As shown in Figure 9, when Bi = 1 and L_b/L_a = 50, the error of β decreases with the increase in τ_Cp, when τ_Cp is relatively small. After τ_Cp reaches about 150, the error of β remains basically the same. In contrast, the error of D increases with the increase in τ_Cp, and it remains largely unchanged after τ_Cp arrives at 150. Though the error of β keeps getting smaller, the relative error has little change, and considering the change of the error of D, τ_Cp needs to be as small as possible.

Contour maps of errors with different width-to-thickness ratio (1~50) and carbon potential build-up duration (1~100) are shown in Figure 10.
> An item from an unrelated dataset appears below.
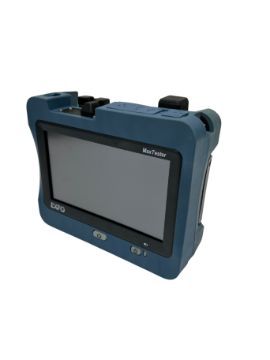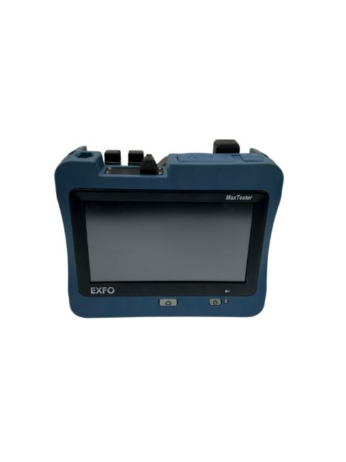 Pair of pre-owned EXFO MaxTester 940 OLTS Fiber Optical Loss Testers (P/N: MAX-940 iCert-Q1-E1-E1) (Damage to rear casing of one unit. PSU Included) (Powers on, sold as is).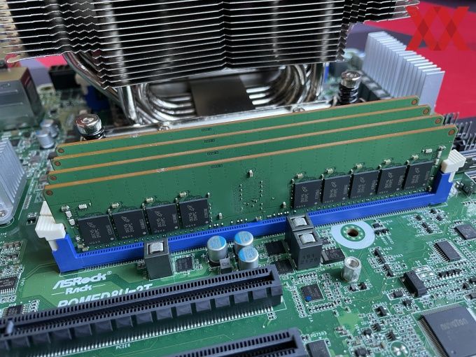 Der von uns verwendete Speicher hört auf den Namen MTA18ASF2G72PDZ-3G2E1 und stammt von Crucial, ist mit DDR4-3200 spezifiziert und bietet pro Modul eine Kapazität von 32 GB. Bei acht DIMMs pro Sockel kommen wir also auf eine Kapazität von 256 GB.

Figure 10a,b show that when Bi = 0.01 and Bi = 1, the increase of the width-to-thickness ratio and τ_Cp could make the error be a smaller value. As shown in Figure 10c,d, the error of D raises with the larger τ_Cp. Meanwhile, it becomes smaller when the width-to-thickness ratio goes down. The observed phenomena all coincide with the previous discussion. If τ_Cp cannot achieve a small value, appropriate increase in the width-to-thickness ratio (more than 50) is proper with Bi = 1. However, the error in the region where τ_Cp is less than 10 is somewhat confusing in Figure 10c, which may be due to the presence of redundant feature time that affects the fitting of (β, D).

4. Conclusions

By combining with the corresponding relationship between the impedance spectroscopy and the Biot number, the one-dimensional conductivity relaxation impedance spectroscopy model is used to fit the two-dimensional conductivity relaxation impedance spectroscopy. The feasibility of the one-dimensional model in practical experiments is discussed, which has certain guiding significance for experiments. The main conclusions are as follows:

(1)

The width-to-thickness ratio of sample in the experiment should be kept above 50, which can ensure the accuracy of the values of (β, D).

(2)

The duration of carbon potential build-up τ_Cp should be as small as possible to ensure the accuracy of the diffusion coefficient D. If τ_Cp is not small enough, a larger width-to-thickness ratio (more than 50) is proper with Bi = 1.

(3)

The ECR method shows the feasibility of measuring the values of (β, D) and even the value of τ_Cp in practical experiments.